■ **WHAT IS REQUIRED**
Retype exactly the span of lines below from the one with "WonderMuralΑυτό το λεπτό" through the one with "当前位置: 首页 >甘肃省白银市纹身店-明刺先生". Do not include pictures.

INPUT FOR THIS TASK Start Marker

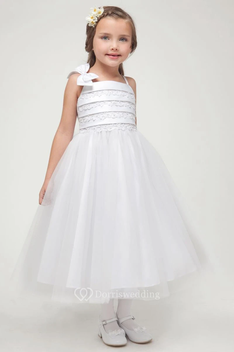 Split Tea-Length Split-Front Bowed Tulle&Satin Flower Girl Dress With Embroidery
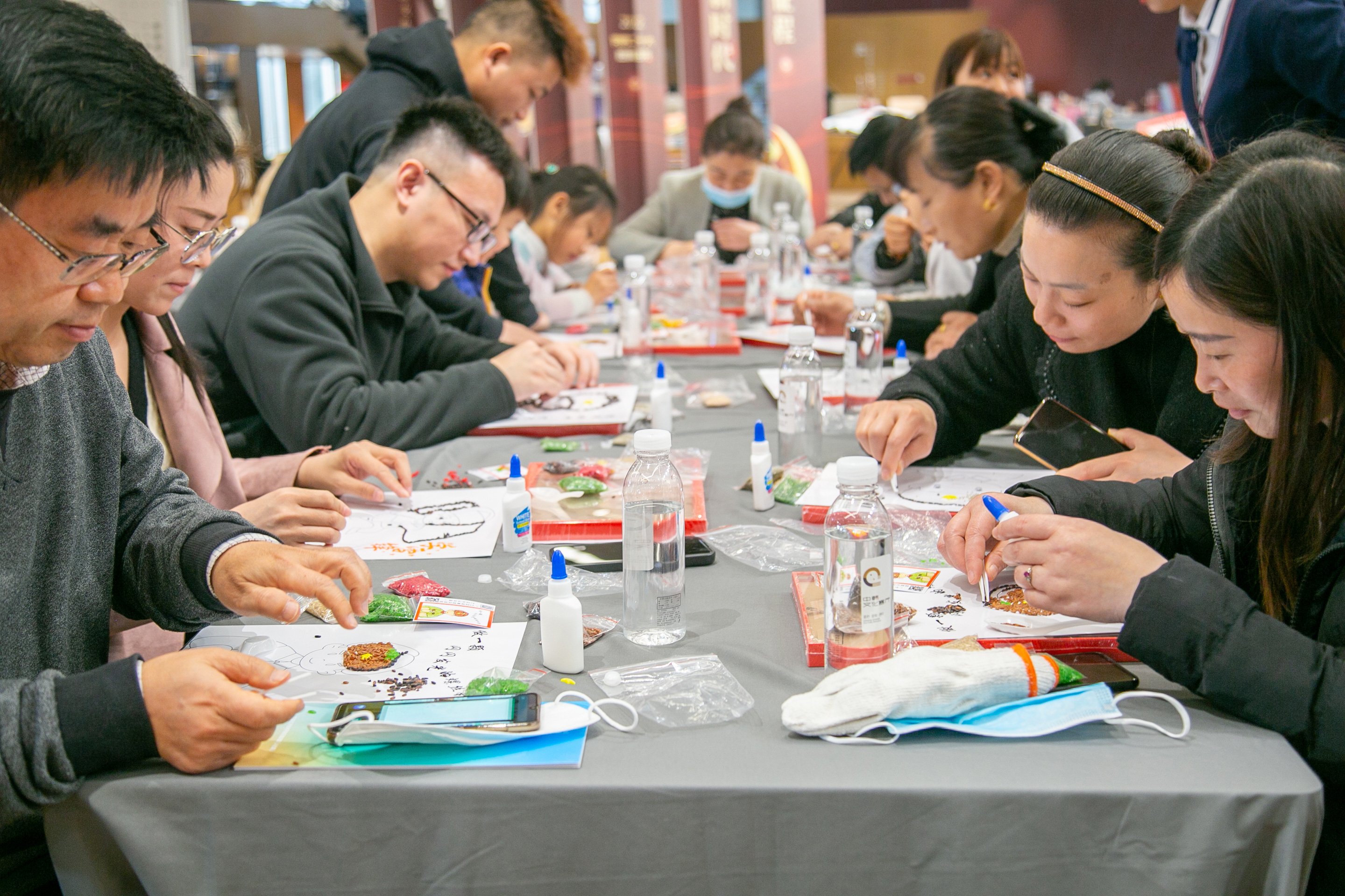 分享會(huì)結(jié)束后,志愿者們一同參加了“我心中的雷鋒”谷物畫(huà)創(chuàng)作。大家在老師的指導(dǎo)下,把常見(jiàn)的綠豆、黃豆、紅豆等谷物當(dāng)作繪畫(huà)制作材料,通過(guò)手工拼貼,一粒一粒的精心描繪自己心中的雷鋒同志形象。
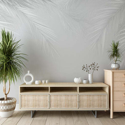 WonderMuralΑυτό το λεπτό ταπετσαρία τοιχωμάτων διαθέτει ένα διακριτικό μοτίβο φύλλων φοίνικα σε ανοιχτό γκρι, δημιουργώντας μια γαλήνια και καταπραϋντική ατμό...
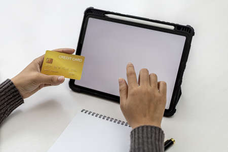 Woman are typing red credit card information on their tablets to pay for items purchased through online shopping websites, online shopping is an option that does not leave home but can shop.
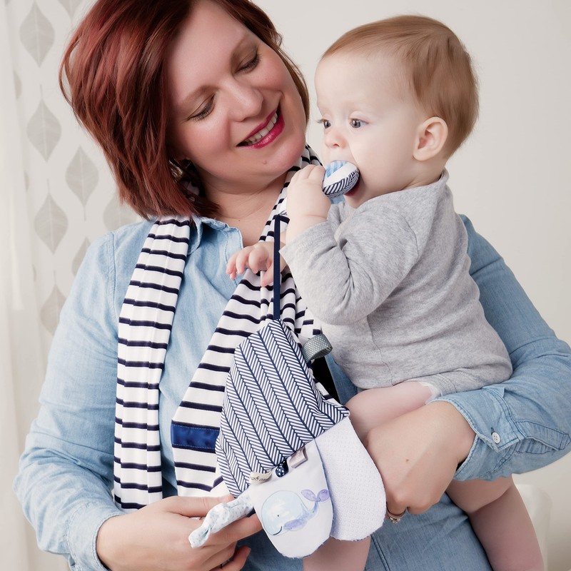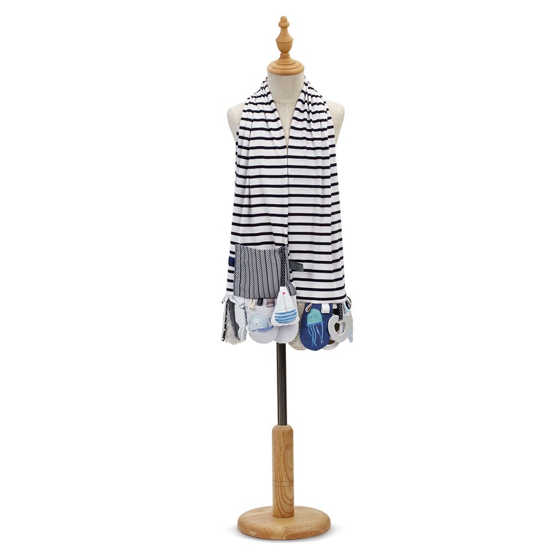 - La bufanda Blue Activity es una bufanda única y ligera que cuelga alrededor del cuello de la madre mientras mantiene al bebé feliz y entretenido. Incluye sonajero integrado, juguete chirriante, bolsillo y varias texturas.
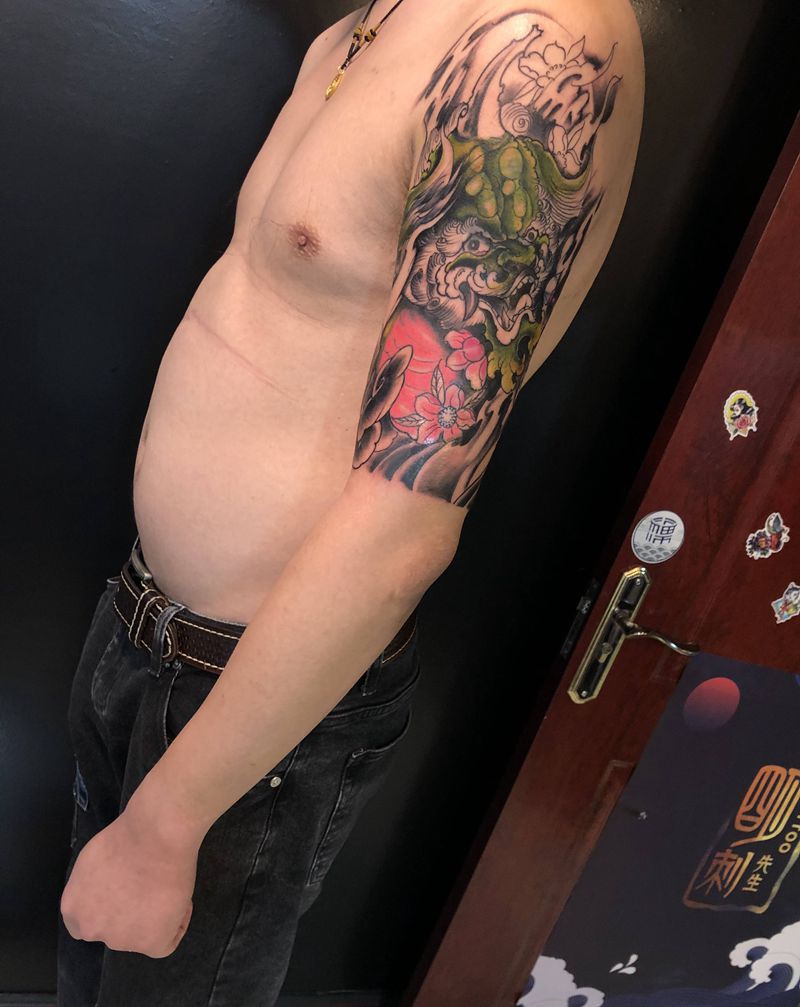 当前位置: 首页 >甘肃省白银市纹身店-明刺先生 艺术刺青纹身图案>唐狮遮盖纹身图片_手臂新传统纹身图案
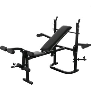 This weight bench provides an ideal training solution for beginners and advanced users alike, for individual muscle workouts or combination exercises for entire muscle groups. The bench press can tone arm and chest muscles. The curl and butterfly station strengthen the shoulders and arms, while the leg-curl works the lower and upper thighs. The wide range of workout combinations and exercises allows for an effective, total body workout, while the adjustable settings enable the workout to be adapted to suit your specific needs. The sturdy steel construction of the bench ensures your safety during the exercises. Colour: Black Material: Steel Dimensions (unfolded): 103 x 123 x 147 cm (L x W x H) Dimensions (folded): 163 x 80 x 124 cm (L x W x H) Backrest height adjustable Butterfly length adjustable Tube diameter for weight plates: 25 mm Foldable, space saving With safety clamps to securing the weights (weights not included) Fabric: Polyurethane: 100%

INPUT FOR THIS TASK End Marker

■ **OUTPUT OF THE TASK**
 WonderMuralΑυτό το λεπτό ταπετσαρία τοιχωμάτων διαθέτει ένα διακριτικό μοτίβο φύλλων φοίνικα σε ανοιχτό γκρι, δημιουργώντας μια γαλήνια και καταπραϋντική ατμό...
 Woman are typing red credit card information on their tablets to pay for items purchased through online shopping websites, online shopping is an option that does not leave home but can shop.
 - La bufanda Blue Activity es una bufanda única y ligera que cuelga alrededor del cuello de la madre mientras mantiene al bebé feliz y entretenido. Incluye sonajero integrado, juguete chirriante, bolsillo y varias texturas.
 当前位置: 首页 >甘肃省白银市纹身店-明刺先生 艺术刺青纹身图案>唐狮遮盖纹身图片_手臂新传统纹身图案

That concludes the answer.